The year held change. We navigated that change. With aplomb!

The coming year will hold more change. Surely.

13 years. We’ve been lucky, good, smart, and fiercely independent as an intentionally small studio. Against the grain, we’ve put together four strong years post-pandemic, including 2024. Working at the intersection of technology, design, and big, messy challenges.

We’re happy to celebrate that work again and the relationships that allow them to happen. Excited to contribute to major consumer tech product launches that make millions of people’s lives just a little brighter. Thrilled and slightly terrified of the projects we get to participate in as AI technology and interfaces rapidly become more real.

Honored to help companies trying to make a difference in family mental health, women’s health, and aging. Helping rethink early childhood literacy. Supporting organizations working for more sustainable, meaningful, and transparent journalism.

Continuing to invest time and energy into our communities and passions.

Thanks as always to the people who trust us with their work. Excited to share. Looking forward to focusing on things that matter in 2025.

Culture and Community
As technology, venture capital, and oligarchical wealth funnels their collective energy and resources into increasingly weird and dystopian fantasies, we’ve spent our humble extras trying to build community around culture we believe in.

Artful, truth seeking, compassionate. Striving for positive change in service of a more just and sustainable world.

For many of us in the studio, film is that universal language that brings so much of life forward in magical and frame-shifting ways. In 2024, we had the pleasure of collaborating on two projects sitting at the intersection of culture and community — Cinema Rodrigo and the Climate Film Festival.

Climate Film Festival
A chance and timely encounter with Alec Turnbull over Slack & Zoom brought the studio to the Climate Film Festival. Alec and J. English Cook put together an incredible first time festival during Climate Week in NYC.

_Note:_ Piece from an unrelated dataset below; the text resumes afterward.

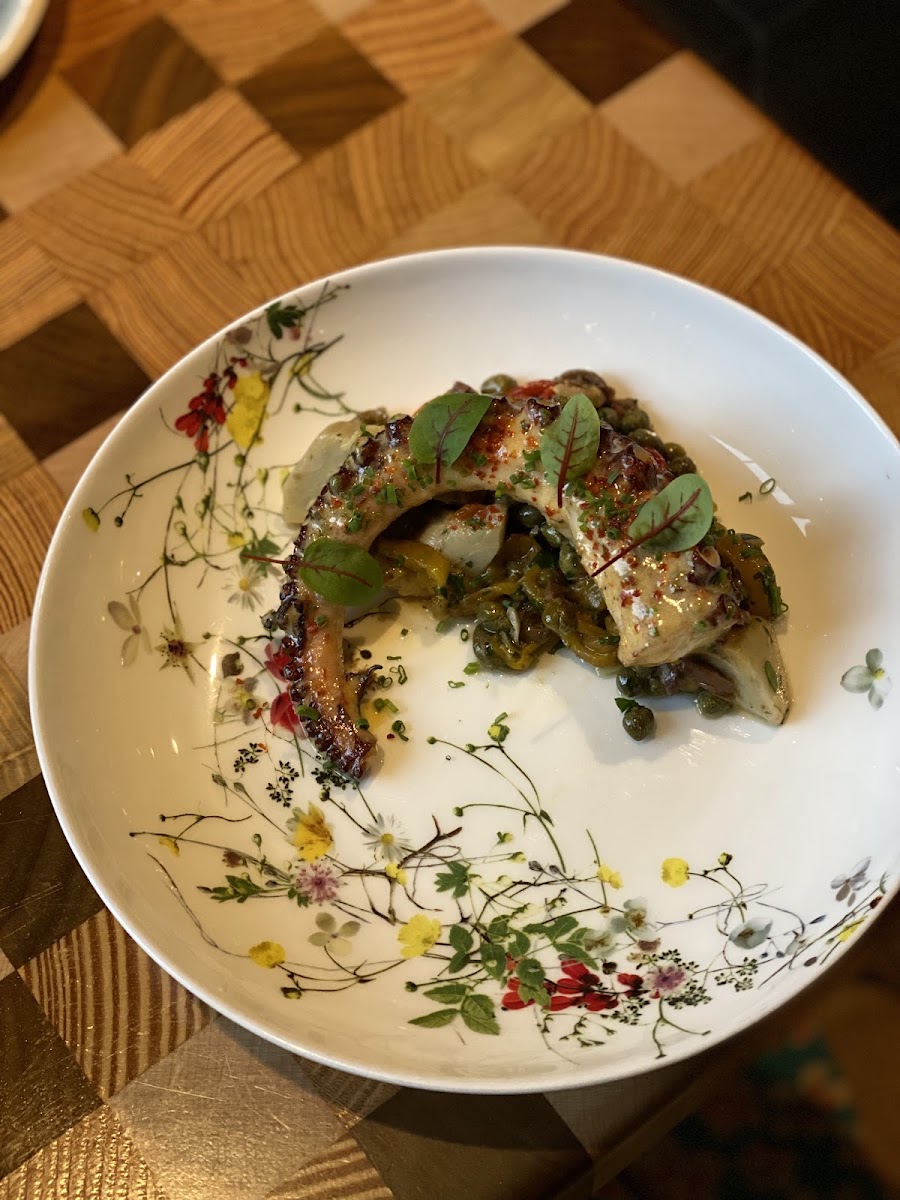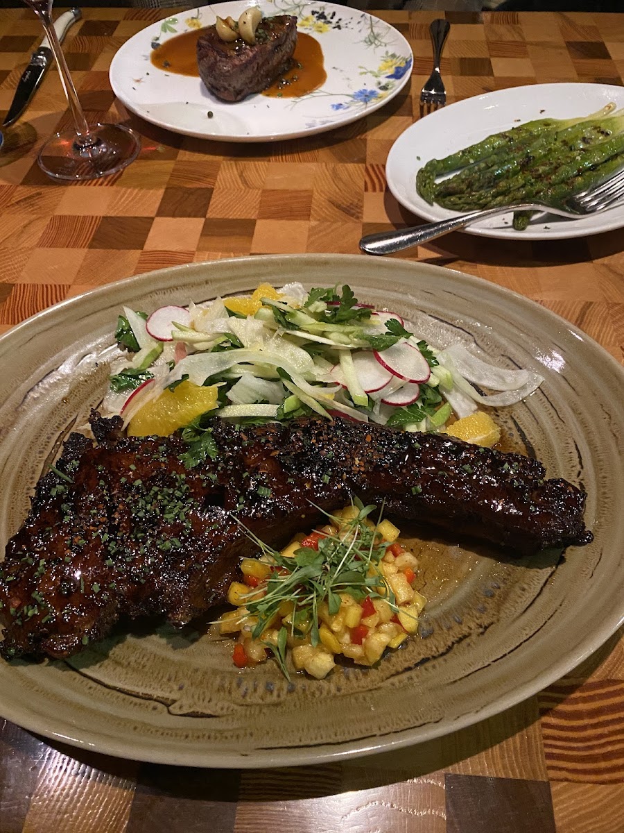 Everything was super delicious and the vibe was very nice while still allowing for a bit of a casual dress. The cococut walnut old fashioned is yummy and smooth. For apps, we got the grilled octopus and the spicy tuna tartar. Very good. For our mains we got the tomahawk pork chop and bone in short rib. Also, fantastic. The pork chop was sweet but not overly. The short ribs were melt in your mouth. The only thing lacking which did dock some stars was the "sharable" asparagus. It was like 5 thin sticks. Not really a sharable for the price if you ask me. Maybe we should have just got the asparagus appetizer that everyone is raving about. I suspect it would be the same amount of asparagus but with egg and ham also, at a better price point. Over all, definitely worth the dine. You should try for yourself. We were not disappointed. Valet parking here as part of a hotel, but there's parking available nearby with a short walk.

The programming and energy were inspiring, with films from all over the world showcasing stories ranging from dire to hopeful. Alec and English were also wonderfully tasteful collaborators, helping to bring a design vision to life that was so fun to see in venues downtown and uptown. Thanks to Adam Augustyn, Aldo Juraidini, and much of the SR team on this one.

Cinema Rodrigo’s 2 year anniversary — a screening of Jim Jarmusch’s Ghost Dog — hosted by Optical Animal with an afterparty at Rialto Grande

Cinema Rodrigo
Our second year of weekend programming with Cinema Rodrigo brought some great movies and afternoons this past year. Perfect Days. Eno. Totem. Complementing and amplifying our core philosophies. And so many more.

Captained by Aldo Juraidini, Cinema Rodrigo has become a monthly highlight, culminating in a special showing of Jim Jarmusch’s Ghost Dog and an afterparty at Rialto Grande.

Make Impact on Big Challenges and Big Ideas
The studio has always been characterized by our ability to collaborate with people working on big ideas in society.

Trying to manifest something new into the world. Taking approaches that are unique, thoughtful, and diligent to messy challenges.

We were lucky to continue our work broadly across industries.

Health Care & Health Tech
Perhaps the messiest challenge is healthcare in the United States — an entrenched, self-inflicted mess with screwed up incentives. As life progresses in the studio, we’ve dealt with more health care challenges in our personal lives — from family planning, to mental health, to middle age, to aging and dying.

The reality of those lived experiences has made the opportunity to work with thoughtful founders trying to make a difference in how health care is experienced and delivered with the support of technology and design.

Waymark Care
The team at Waymark continues to be one of the strongest mission-driven health care teams with whom we have worked. We enjoyed our continued collaboration supporting Iman Rahim in communicating Waymark’s expanded community care offerings for Medicaid recipients and the results of their work — including Dr. Sanjay Basu’s Transforming Medicaid: A Blueprint for Equitable Care. Great job by Nick Emrich, Rebecca Brand, Sabine Ostinvil, Emogene Cataldo, and the whole team.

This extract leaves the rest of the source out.